After the show is long over she comes back on stage with the whole band and crew to light-heartedly auction off the painting she made during the performance to the person who can answer one of the questions she poses. Where during the performance she always seems in character, here she seems at ease, relaxed, and informal. A divide between the performer and the performance on one hand, and the woman Janelle Monae on the other.
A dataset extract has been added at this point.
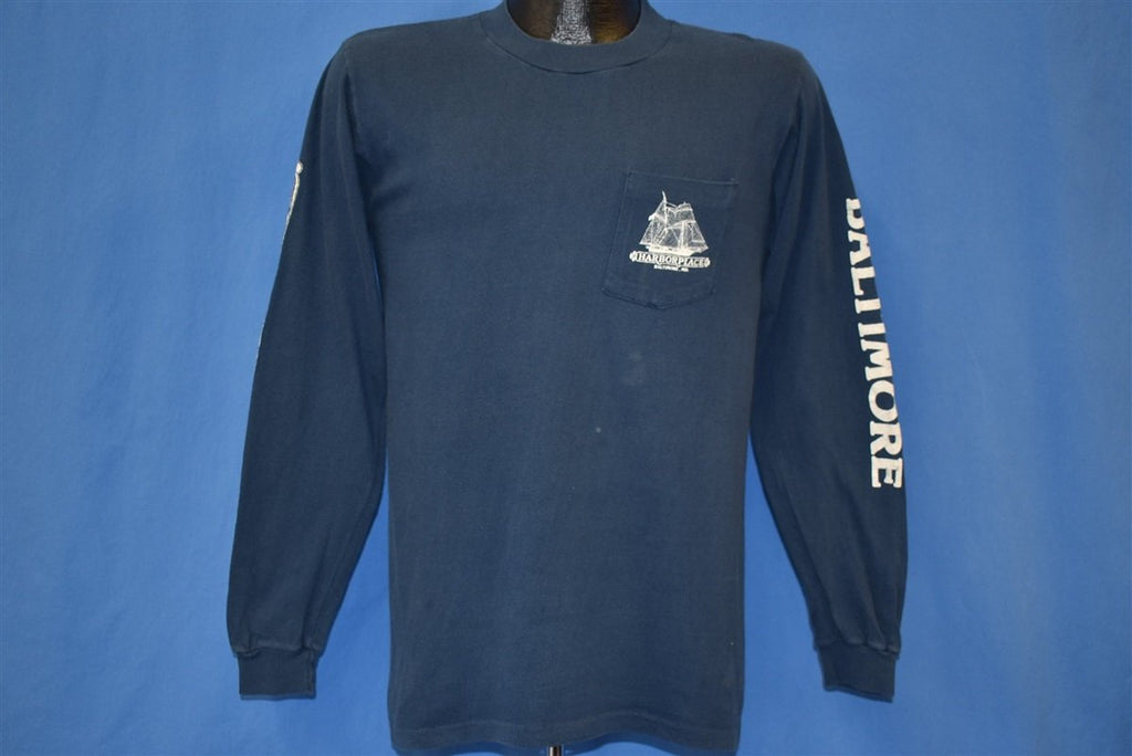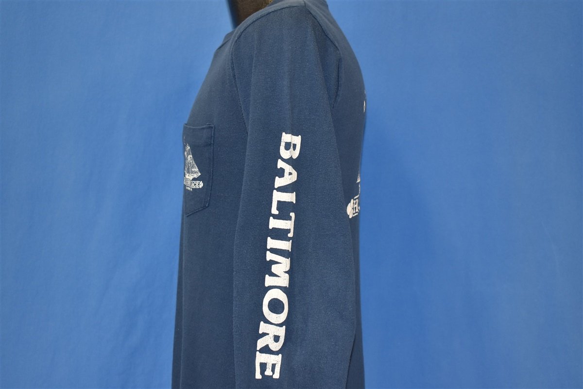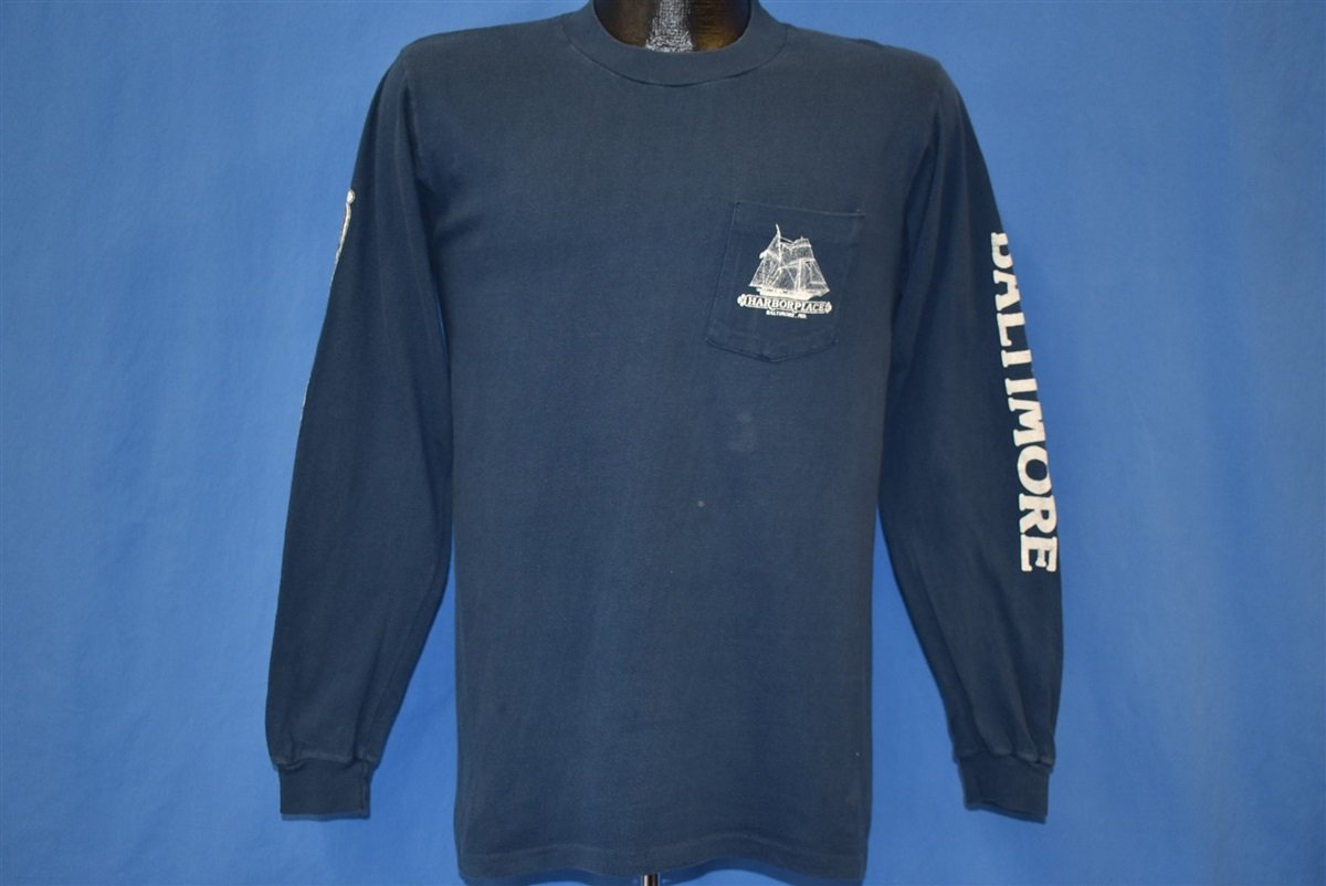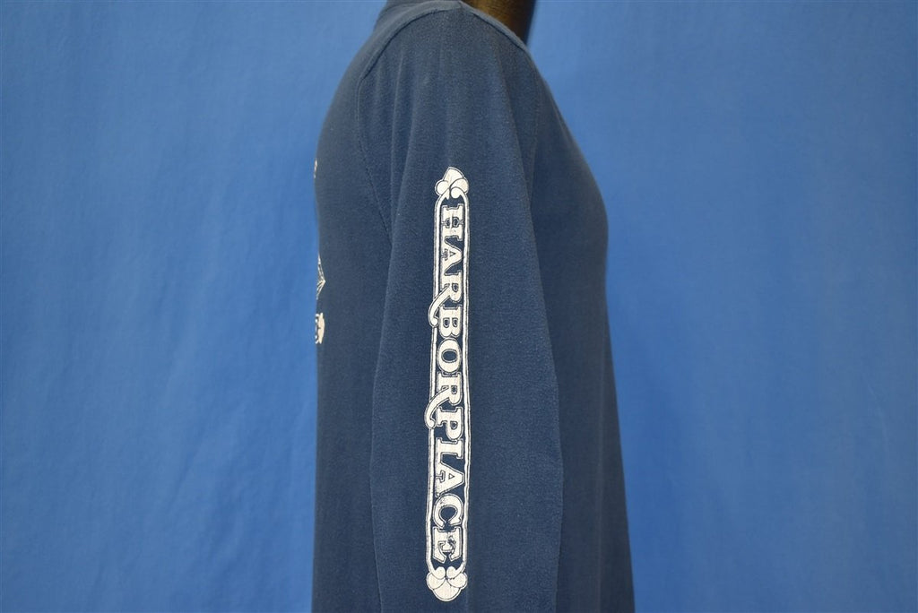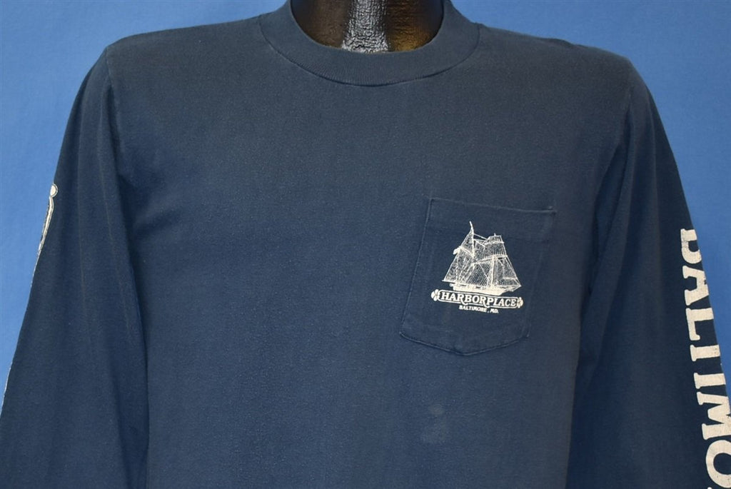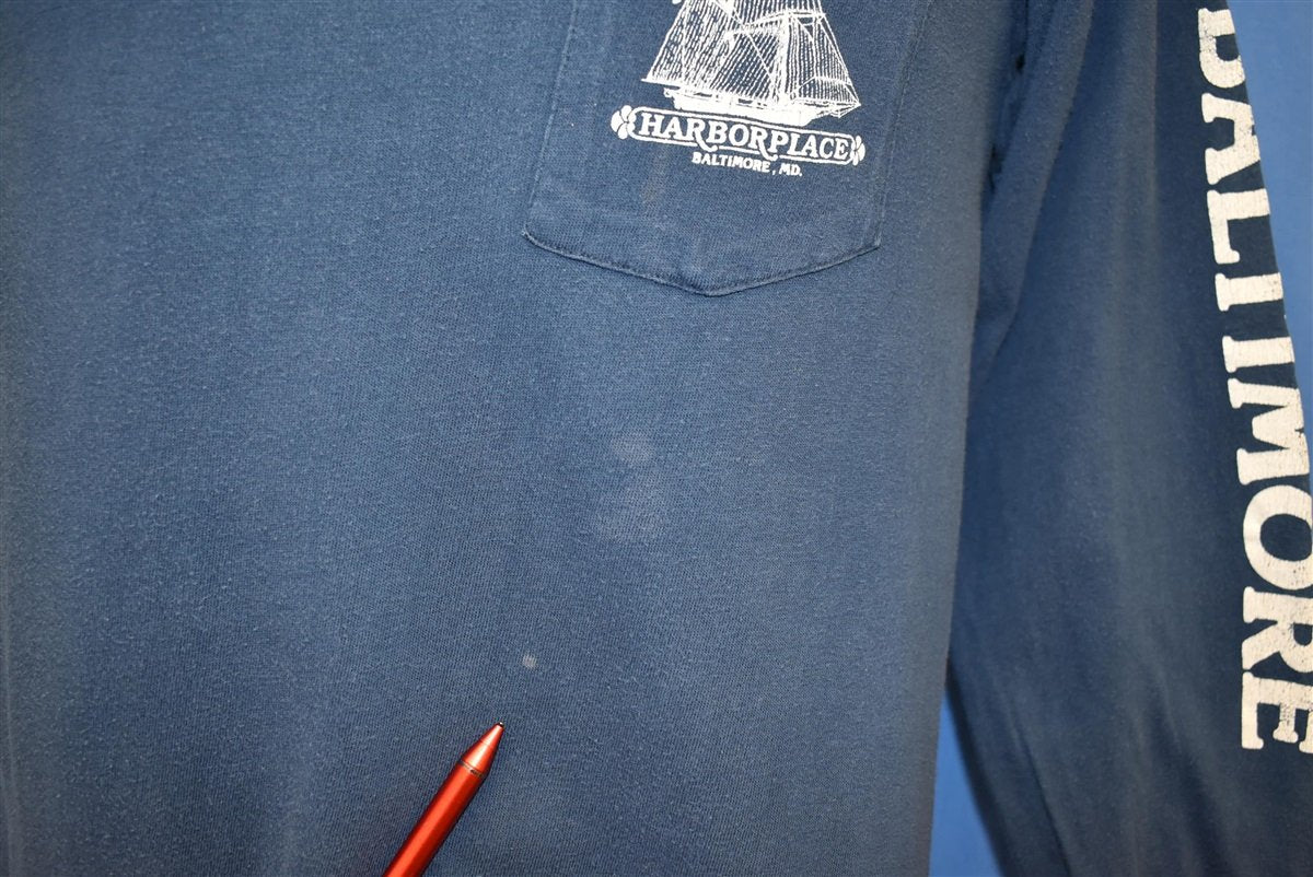This classic tourist tee is dedicated to iconic Harborplace in Baltimore, Maryland. It's a 1990s original featuring double sided print, cozy long sleeve, and a front chest pocket.

That she has the tunes to skyrocket her into stardom I think no one doubted, but the most impressive thing for me – and what to me sets her apart from a whole host of other mainstream artists – is how she so post-modernly is able to convey her ideas and put them into a well-crafted performance. Maybe there are better pop shows out there where the hits keep on coming and coming, but what Monae does borders not only on Pop, it borders on performance art, and that is what sets her apart from the pack for me.